I was disappointed to learn that the pope is not keeping God in a box at the Vatican. Or if he is, that it was not part of the tour.
I didn’t realize it until I had been there, but my half-Catholic blood is always secretly hoping that the Catholics have a direct line to God, while I am politely relegated to the Protestant voice mail system.
After three separate attempts (feast day, papal parade, papal parade aftermath), I finally got myself inside St. Peter’s, theoretically the capital of Christianity, and I was like, This is it?
It’s similar to the way a person can secretly hope that anyone wearing a collar is God. Even if you have clear, early experience to the contrary, of how not-God clergy are, it still burns in your belly. Perhaps this person is God! My priests and pastors have shown me their flaws, sometimes boldly, and I’m grateful for that.
I should have been innoculated from disillusionment in Rome. It’s not like I am unacquainted with the gorgeously rebellious joy of the American Catholic church, which downs its birth control pills and ducks its head just below the radar of the current, conservative leadership– both Roman and local.

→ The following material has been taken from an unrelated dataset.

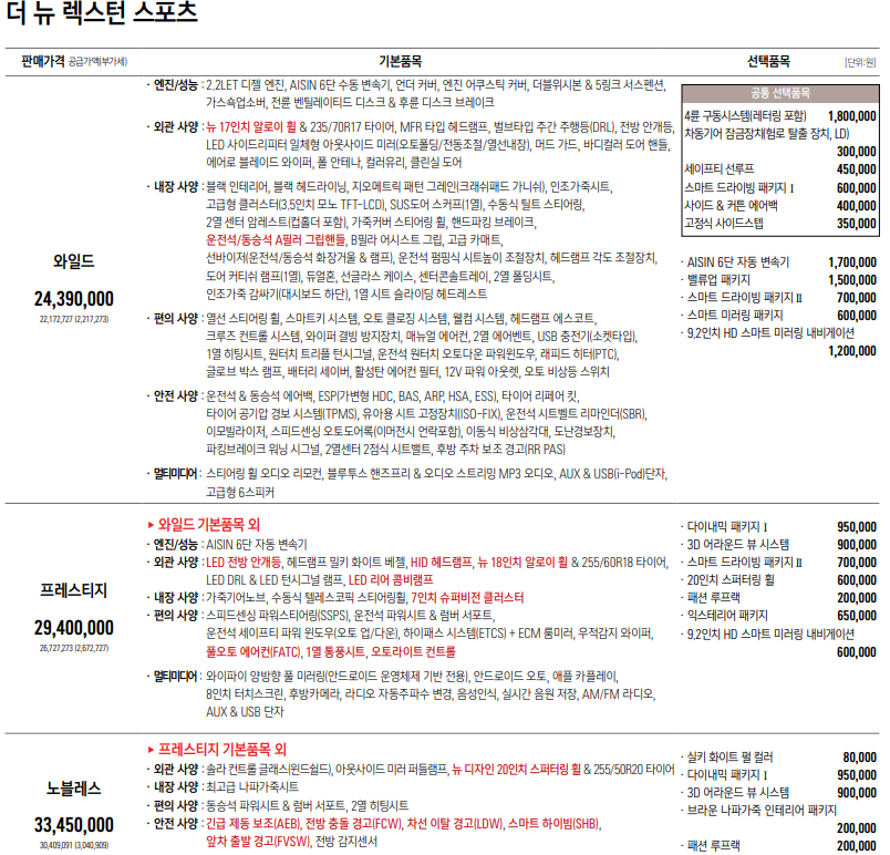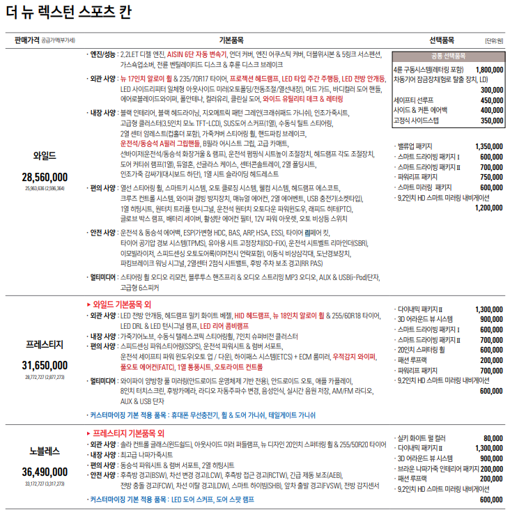 렉스턴 스포츠 칸 트림 별 옵션, 가격

God resists being put in a box, of course, which is one of the things I like most about God. The thing that will get you a second date with a person like me is not being able to fit in a box. And so I’ve been in a long-term, quite fractious relationship with God
I found the Vatican the most disappointing of the European treasures I’ve been so lucky to see. When you are hoping for God-in-a-box, though, that is a setup for disappointment. St. Peter’s is very white, and very huge, and very clean. The whiteness and hugeness, I guess, I could deal with, but the cleanliness were really not right. The more worn and falling apart and used a church looks, the better I like it. I don’t want to be praying someplace where nobody ever confessed to adultery, or begged for relief from a hangover on Ash Wednesday, or fought matricidal thoughts. I need to know that very real, messy people have struggled with crazy, stupid problems. Preferably in that exact pew.
I started attending one of the older churches in my hometown here, and was probably the only person sad to hear that they were refinishing the 100-year-old floor. At least the pews kept their patina.
When I saw the pope waving hello, and the glamorous interior of St. Peter’s, all I could think was, this is politics. Politics and power games, which interest me, in their own right, but don’t have anything to do with God, and quite often obscure any spiritual elements.
I still wish that God would get in a box somewhere, so I could go visit. But then God wouldn’t be so hard to get. And if God’s not playing hard to get, let’s face it, I probably would lose interest.